A mere 10, or 15 years ago, these words would have made little to no sense. The assumptions implied are stark: Your baby should be online. If your baby isn't online, something's wrong. Or maybe you posted a pic, and I just missed it? What's wrong? It's really weird you haven't posted a picture of your baby online.

This moment comes early in "Baby Ruby," playwright Bess Wohl's directorial debut. Jo (Noémie Merlant), a French lifestyle blogger living "upstate" with her husband Spencer (Kit Harington), has just had a baby. Since she built a brand "curating" her stylish French-woman-in-America life, the question posed to her by a confused fan is not unwarranted. A lifestyle blogger puts everything else online. She "monetizes" her personal life. She writes about the baby shower, peppering the post with affiliate links. The nine months of pregnancy provided Jo with so much "content"! Then radio silence once the baby is born. Her fans are at first concerned and then irritated.

"Baby Ruby" is about a woman's experience of not just postpartum depression but postpartum psychosis, and her conviction that her newborn baby is somehow angry with her. Ruby is perceived by Jo as a raging malevolent creature. Ruby cries all the time, and Jo takes the crying personally. She feels like the baby is "punishing" her for something, there's a flaw in Jo's character only Ruby perceives.
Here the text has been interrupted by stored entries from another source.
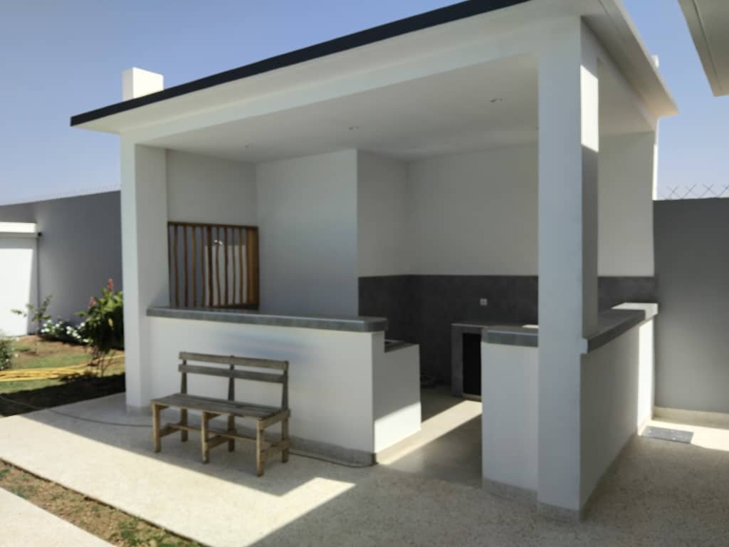On a plot of 600m2, beautiful new furnished villa built in 2024 with a living area of 160m2 including 3 bedrooms, 3 bathrooms, a living room with dining room, an equipped US kitchen, a laundry room, a second outdoor kitchen, a covered terrace, an 8X4 swimming pool and a storage room. The villa also includes a caretaker’s house with shower room, 2 indoor parking spaces and a borehole with booster pump. It is located in a new residential area 1km from the AUCHAN Saly Center shopping center.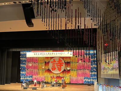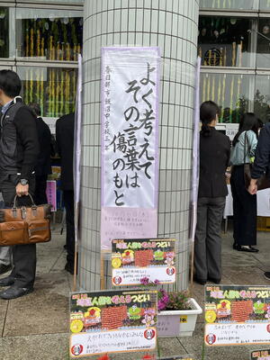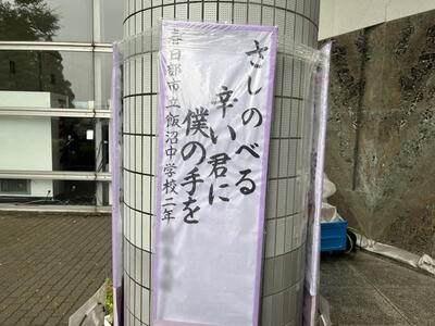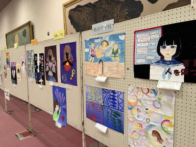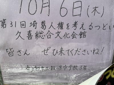 本日は、久喜総合文化会館にて行われた第31回埼葛人権を考えるつどいに参加をしました。敷地入口から会場までの通路、会場内のホールなどに埼葛地区の小中学生が作成した人権に関する制作物が飾られていました。もちろん本校の生徒の作品も飾られていました。かなりの量が飾られていたので、全てを見つけ出すことはできませんでしたが、私が発見できた本校の作品をご紹介します。
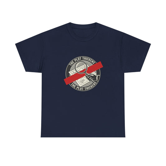 • Mystery Lover's Unisex Heavy Cotton Tee - The Plot Thickens, Book Lovers T-Shirt, Literary Humor Shirt, Gift for Writers, Novelty Tee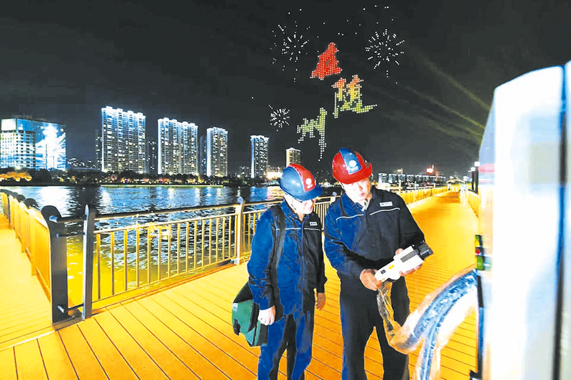 国网随州供电公司高新区供电中心员工巡检白云湖夜游项目用电设备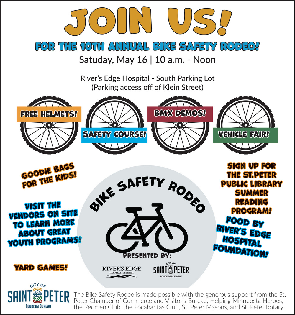 Apr 28, 2026. Bike Safety Rodeo (May 16, 2026) Events Ads from St Peter Herald

The pediatrician tells Jo, "Babies cry. It's what they do." Everybody tells her this. But Jo can't shake the feeling that something else is going on. Ruby seems hostile. Paranoia ratchets up. Jo wonders if her husband and her mother-in-law (Jayne Atkinson) are in cahoots, if the neighbors are on the level, or if there isn't something sinister going on.

Wohl keeps the film in close first-person, so Jo's increasingly terrified mindset is made manifest visibly, with lots of shock cuts and hallucinatory elements, where you're not sure what is real and what isn't. The possibility that the whole film is Jo's hallucination grows with every passing moment. Does she really go out for "Mom drinks" with the breezily gorgeous group of local women who go running every morning pushing baby carriages in front of them? Spencer seems like a good guy, and although his mom might be a little overbearing, they are also rightfully concerned. Or it all might be a front for some "Rosemary's Baby"-like conspiracy. Jo just can't be sure. And neither can we.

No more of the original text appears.